Let's say you find, buy, or inherit two or more Altix 350 modules. You connect everything up, but it just won't seem to make it to the EFI shell - in fact it dumps you into the Power On Diagnostics (POD) instead. It might look something like this:
As frequently happens you may have received these modules in pieces, and everything is suspect. Did you get the right RAM? Are the NUMAlink cables good? Was there some other step you were supposed to take? You may have some or all of those issues, but we're going to tackle the fact that the two modules have different versions of the PROM.
If you look at the snippet above you'll see " 001c01#0c: SGI SAL Version 4.43 " which indicates that the brick 001c01 (probably your base module) has PROM version 4.43, whereas the line " 001c08#0a: SGI SAL Version 3.25 " indicates that module 001c08 has PROM version 3.25. Not only is PROM 3.25 too old to work with version 4.43, it's too old to work with version 2.6 of the Linux kernel...
Fortunately there's a way to fix this even if you can't get to the EFI shell, where the documentation from SGI tells you that you can use the "flash" command to reprogram a module's PROM from a binary file. And many thanks to forum member rosmaniac for sharing the method shown below in this thread .
Though nobody has reported seeing documentation on the POD, there is a "help" command, and the help command tells you about another command: the "flash" command. It's not quite the same as the EFI Shell command of the same name - instead of flashing a PROM image stored in a file, it burns the PROM image from the master node into the node you select.

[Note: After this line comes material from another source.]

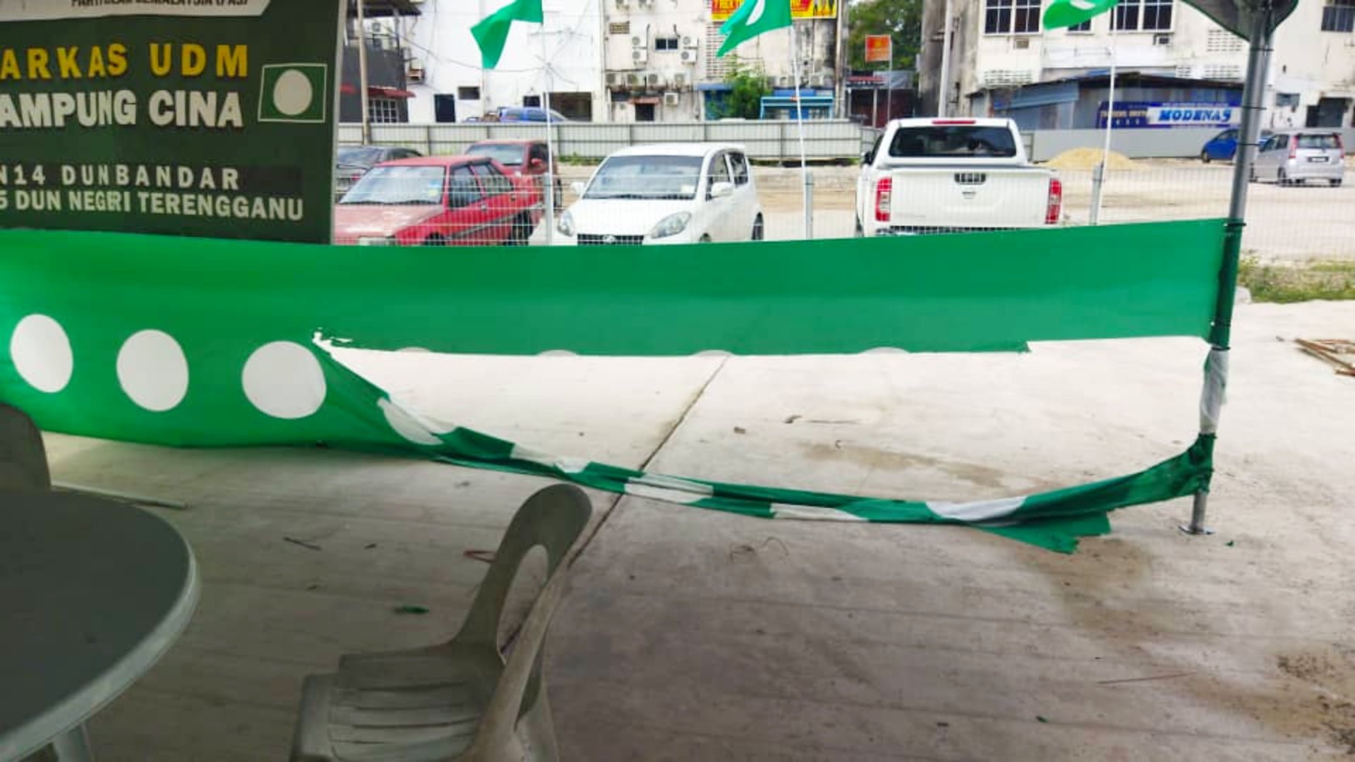 “semasa saya buat rondaan di perumahan Kampung Cina, saya dapati bendera PAS telah disembur cat warna hitam dan kemudian apabila saya kembali ke Markaz saya dapati bendera yang menutupi khemah telah rosak,” kata Alex dalam laporannya.

How do you tell the "flash" command which node to act on? You need something called the node's NASID, and there's another command the POD provides - "pcfg" - that will tell you what those are. So first, let's see how the "pcfg" command does that.
First thing I do is run the "version" command just to make sure that the POD is using or part of the correct PROM version.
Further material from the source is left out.